This glossary includes definitions of important terms that appear in the Composite Application Guidance documentation.

bootstrapper. The class responsible for the initialization of an application built using the Composite Application Library.

command. A loosely coupled way for you to handle user interface (UI) actions. They bind the UI to the logic that performs the action.

composite application. A composite application is composed of a number of discrete and independent modules. These components are integrated together in a host environment to form a single, seamless application.

composite command. A command that has multiple child commands.

container. Provides a layer of abstraction for the creation objects. Dependency injection containers can reduce the dependency coupling between objects by providing the facility to instantiate instances of classes and manage their lifetime based on the configuration of the container.

DelegateCommand. Allows delegating the commanding handling logic to selected methods instead of requiring a handler in the code-behind. It uses .NET Framework delegates as the method of invoking a target handling method.

EventAggregator. A service that is primarily a container for events that allows publishers and subscribers to be decoupled so they can evolve independently. This decoupling is useful in modularized applications because new modules can be added that respond to events defined by the shell or other modules.

modularity. The ability to create complex applications from discrete functional units named modules. When you develop in a modularized fashion, you structure the application into separate modules that can be individually developed, tested, and deployed by different teams. It also helps you address separation of concerns by keeping a clean separation between the UI and business functionality.

module. A logical unit of separation in the application.

ModuleCatalog. Defines the modules that the end user needs to run the application. The module catalog knows where the modules are located and the module's dependencies.

ModuleManager. The main class that manages the process of validating the module catalog, retrieving modules if they are remote, loading the modules into the application domain, and invoking the module's Initialize method.

module management phases. The phases that lead to a module being initialized. These phases are module discovery, module loading, and module initialization.

multi-targeted code. Code that targets two different platforms with largely the same code-base. This allows binaries targeting two different technologies to be produced while keeping the code as much the same as possible. The technologies that the Composite Application Guidance helps you multi-target are Windows Presentation Foundation (WPF) and Silverlight.

on-demand module. A module that is retrieved and initialized only when it is explicitly requested by the application.

presenter-first composition. The composition approach where the presenter is logically created first, followed by the view on which it depends.

region. A named location that you can use to define where a view will appear. Modules can locate and add content to a region in the layout without exact knowledge of how and where the region is visually displayed. This allows the appearance and layout to change without affecting the modules that add the content to the layout.

RegionContext. A technique that can be used to share context between a parent view and child views that are hosted in a region. The RegionContext can be set through code or by using data binding XAML.

RegionManager. The class responsible for maintaining a collection of regions and creating new regions for controls. The RegionManager finds an adapter mapped to a WPF or Silverlight control and associates a new region to that control. The RegionManager also supplies the attached property that can be used for simple region creation from XAML.
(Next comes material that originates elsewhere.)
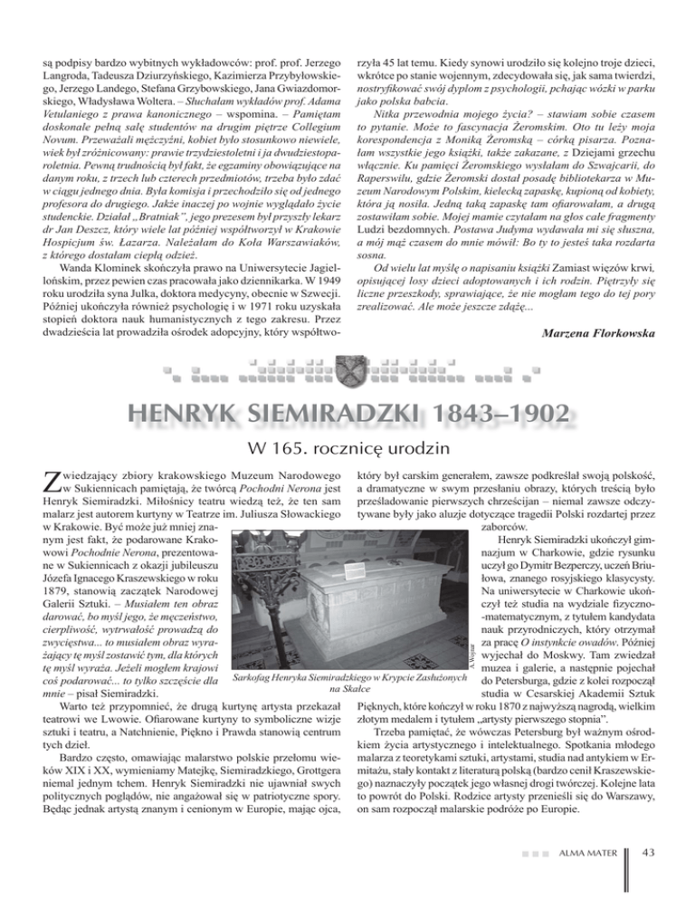 są podpisy bardzo wybitnych wykładowców: prof. prof. Jerzego Langroda, Tadeusza Dziurzyńskiego, Kazimierza Przybyłowskiego, Jerzego Landego, Stefana Grzybowskiego, Jana Gwiazdomorskiego, Władysława Woltera. – Słuchałam wykładów prof. Adama Vetulaniego z prawa kanonicznego – wspomina. – Pamiętam doskonale pełną salę studentów na drugim piętrze Collegium Novum. Przeważali mężczyźni, kobiet było stosunkowo niewiele, wiek był zróżnicowany: prawie trzydziestoletni i ja dwudziestoparoletnia. Pewną trudnością był fakt, że egzaminy obowiązujące na danym roku, z trzech lub czterech przedmiotów, trzeba było zdać w ciągu jednego dnia. Była komisja i przechodziło się od jednego profesora do drugiego. Jakże inaczej po wojnie wyglądało życie studenckie. Działał „Bratniak”, jego prezesem był przyszły lekarz dr Jan Deszcz, który wiele lat później współtworzył w Krakowie Hospicjum św. Łazarza. Należałam do Koła Warszawiaków, z którego dostałam ciepłą odzież. Wanda Klominek skończyła prawo na Uniwersytecie Jagiellońskim, przez pewien czas pracowała jako dziennikarka. W 1949 roku urodziła syna Julka, doktora medycyny, obecnie w Szwecji. Później ukończyła również psychologię i w 1971 roku uzyskała stopień doktora nauk humanistycznych z tego zakresu. Przez dwadzieścia lat prowadziła ośrodek adopcyjny, który współtwo- rzyła 45 lat temu. Kiedy synowi urodziło się kolejno troje dzieci, wkrótce po stanie wojennym, zdecydowała się, jak sama twierdzi, nostryfikować swój dyplom z psychologii, pchając wózki w parku jako polska babcia. Nitka przewodnia mojego życia? – stawiam sobie czasem to pytanie. Może to fascynacja Żeromskim. Oto tu leży moja korespondencja z Moniką Żeromską – córką pisarza. Poznałam wszystkie jego książki, także zakazane, z Dziejami grzechu włącznie. Ku pamięci Żeromskiego wysłałam do Szwajcarii, do Raperswilu, gdzie Żeromski dostał posadę bibliotekarza w Muzeum Narodowym Polskim, kielecką zapaskę, kupioną od kobiety, która ją nosiła. Jedną taką zapaskę tam ofiarowałam, a drugą zostawiłam sobie. Mojej mamie czytałam na głos całe fragmenty Ludzi bezdomnych. Postawa Judyma wydawała mi się słuszna, a mój mąż czasem do mnie mówił: Bo ty to jesteś taka rozdarta sosna. Od wielu lat myślę o napisaniu książki Zamiast więzów krwi, opisującej losy dzieci adoptowanych i ich rodzin. Piętrzyły się liczne przeszkody, sprawiające, że nie mogłam tego do tej pory zrealizować. Ale może jeszcze zdążę... Marzena Florkowska HENRYK SIEMIRADZKI 1843–1902 W 165. rocznicę urodzin Z A.Wojnar wiedzający zbiory krakowskiego Muzeum Narodowego który był carskim generałem, zawsze podkreślał swoją polskość, w Sukiennicach pamiętają, że twórcą Pochodni Nerona jest a dramatyczne w swym przesłaniu obrazy, których treścią było Henryk Siemiradzki. Miłośnicy teatru wiedzą też, że ten sam prześladowanie pierwszych chrześcijan – niemal zawsze odczymalarz jest autorem kurtyny w Teatrze im. Juliusza Słowackiego tywane były jako aluzje dotyczące tragedii Polski rozdartej przez w Krakowie. Być może już mniej znazaborców. nym jest fakt, że podarowane KrakoHenryk Siemiradzki ukończył gimwowi Pochodnie Nerona, prezentowanazjum w Charkowie, gdzie rysunku ne w Sukiennicach z okazji jubileuszu uczył go Dymitr Bezperczy, uczeń BriuJózefa Ignacego Kraszewskiego w roku łowa, znanego rosyjskiego klasycysty. 1879, stanowią zaczątek Narodowej Na uniwersytecie w Charkowie ukońGalerii Sztuki. – Musiałem ten obraz czył też studia na wydziale fizycznodarować, bo myśl jego, że męczeństwo, -matematycznym, z tytułem kandydata cierpliwość, wytrwałość prowadzą do nauk przyrodniczych, który otrzymał zwycięstwa... to musiałem obraz wyraza pracę O instynkcie owadów. Później żający tę myśl zostawić tym, dla których wyjechał do Moskwy. Tam zwiedzał tę myśl wyraża. Jeżeli mogłem krajowi muzea i galerie, a następnie pojechał coś podarować... to tylko szczęście dla Sarkofag Henryka Siemiradzkiego w Krypcie Zasłużonych do Petersburga, gdzie z kolei rozpoczął na Skałce mnie – pisał Siemiradzki. studia w Cesarskiej Akademii Sztuk Warto też przypomnieć, że drugą kurtynę artysta przekazał Pięknych, które kończył w roku 1870 z najwyższą nagrodą, wielkim teatrowi we Lwowie. Ofiarowane kurtyny to symboliczne wizje złotym medalem i tytułem „artysty pierwszego stopnia”. sztuki i teatru, a Natchnienie, Piękno i Prawda stanowią centrum Trzeba pamiętać, że wówczas Petersburg był ważnym ośrodtych dzieł. kiem życia artystycznego i intelektualnego. Spotkania młodego Bardzo często, omawiając malarstwo polskie przełomu wie- malarza z teoretykami sztuki, artystami, studia nad antykiem w Erków XIX i XX, wymieniamy Matejkę, Siemiradzkiego, Grottgera mitażu, stały kontakt z literaturą polską (bardzo cenił Kraszewskieniemal jednym tchem. Henryk Siemiradzki nie ujawniał swych go) naznaczyły początek jego własnej drogi twórczej. Kolejne lata politycznych poglądów, nie angażował się w patriotyczne spory. to powrót do Polski. Rodzice artysty przenieśli się do Warszawy, Będąc jednak artystą znanym i cenionym w Europie, mając ojca, on sam rozpoczął malarskie podróże po Europie. ALMA MATER 43 Rozpoczął je od Krakowa, gdzie potem często powracał, pojechał do Monachium, Drezna, a przez Innsbruck, Weronę, Wenecję i Florencję dotarł do Rzymu. Z miastem tym Henryk Siemiradzki związał swe życie. Trudno w krótkim tekście opisać życie artysty w czasie, gdy jego dzieła przynosiły mu nie tylko wielką popularność i sławę, ale także liczne nagrody i ogromny prestiż w twórczym środowisku Europy. Wkrótce po wybudowaniu willi w Rzymie Henryk Siemiradzki nabył w Strzałkowie, nieopodal Częstochowy, nieduży dworek. Często tam bywał, spędzał wakacje z

Separated Presentation pattern. Pattern used to implement views, which separates presentation and business logic from the UI. Using a separated presentation allows presentation and business logic to be tested independently of the UI, makes it easier to maintain code, and increases re-use opportunities.

shell. The main window of the application where the primary UI content is contained.

scoped region. Regions that belong to a particular region scope. The region scope is delimited by a parent view and includes all the child views of the parent view.

service. A service provides functionality to other modules in a loosely coupled way through an interface and is often a singleton.

UI composition. The act of building an interface by composing it from discrete views at run time, likely from separate modules.

view. The main unit of UI construction within a composite UI application. You can define a view as a user control, data template, or even a custom control. A view encapsulates a portion of your user interface that you would like to keep as decoupled as possible from other parts of the application.

view-first composition. The composition approach where the view is logically created first, followed by the presenter on which it depends.

view discovery. A way to add, show, or remove views in a region by associating the type of a view with a region name. Whenever a region with that name displays, the registered views will be automatically created and added to the region.

view injection. A way to add, show, or remove views in a region by adding or removing instances of a view to a region. The code interacting with the region does not have direct knowledge of how the region will handle displaying the view.